▶ Your instructions
The listing below contains a span that opens with the line containing "Platifine Heart Cut" and closes with the line containing "65' (3:0) Мнгомезулу". Return that span exactly.
*** Recorded data ***
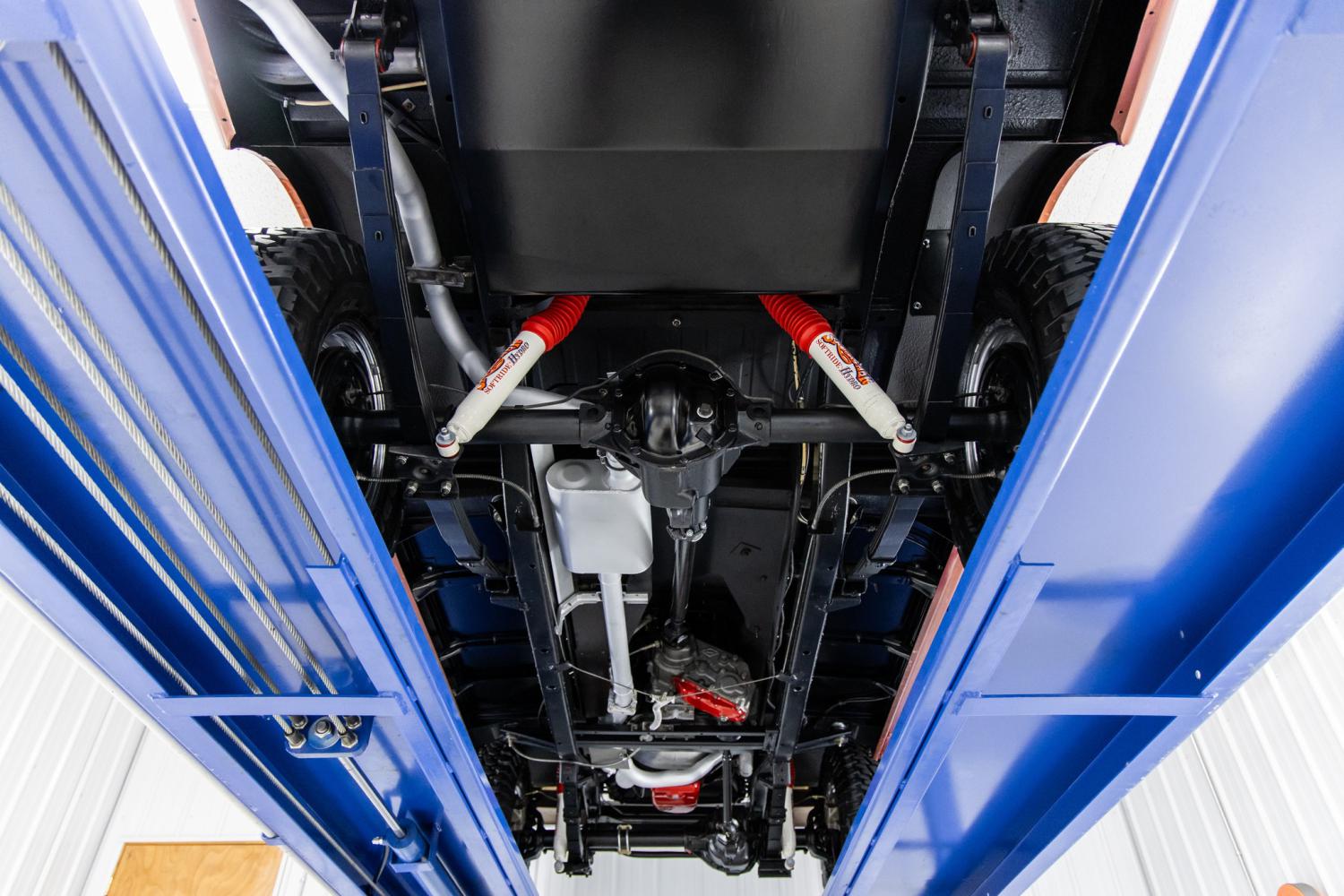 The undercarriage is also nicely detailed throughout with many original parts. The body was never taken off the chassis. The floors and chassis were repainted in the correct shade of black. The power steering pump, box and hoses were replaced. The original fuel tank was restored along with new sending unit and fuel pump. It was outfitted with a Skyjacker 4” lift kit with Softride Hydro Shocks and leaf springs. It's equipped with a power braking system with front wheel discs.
*** End of Recorded data ***
*** Recorded data ***
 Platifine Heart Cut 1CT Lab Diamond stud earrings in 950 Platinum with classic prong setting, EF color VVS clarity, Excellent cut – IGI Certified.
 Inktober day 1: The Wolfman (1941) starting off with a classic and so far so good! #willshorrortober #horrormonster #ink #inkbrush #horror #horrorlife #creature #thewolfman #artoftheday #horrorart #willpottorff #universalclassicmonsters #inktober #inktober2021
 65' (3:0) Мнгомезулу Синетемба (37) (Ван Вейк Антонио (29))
*** End of Recorded data ***
▶ Response for this exercise
 Platifine Heart Cut 1CT Lab Diamond stud earrings in 950 Platinum with classic prong setting, EF color VVS clarity, Excellent cut – IGI Certified.
 Inktober day 1: The Wolfman (1941) starting off with a classic and so far so good! #willshorrortober #horrormonster #ink #inkbrush #horror #horrorlife #creature #thewolfman #artoftheday #horrorart #willpottorff #universalclassicmonsters #inktober #inktober2021
 65' (3:0) Мнгомезулу Синетемба (37) (Ван Вейк Антонио (29))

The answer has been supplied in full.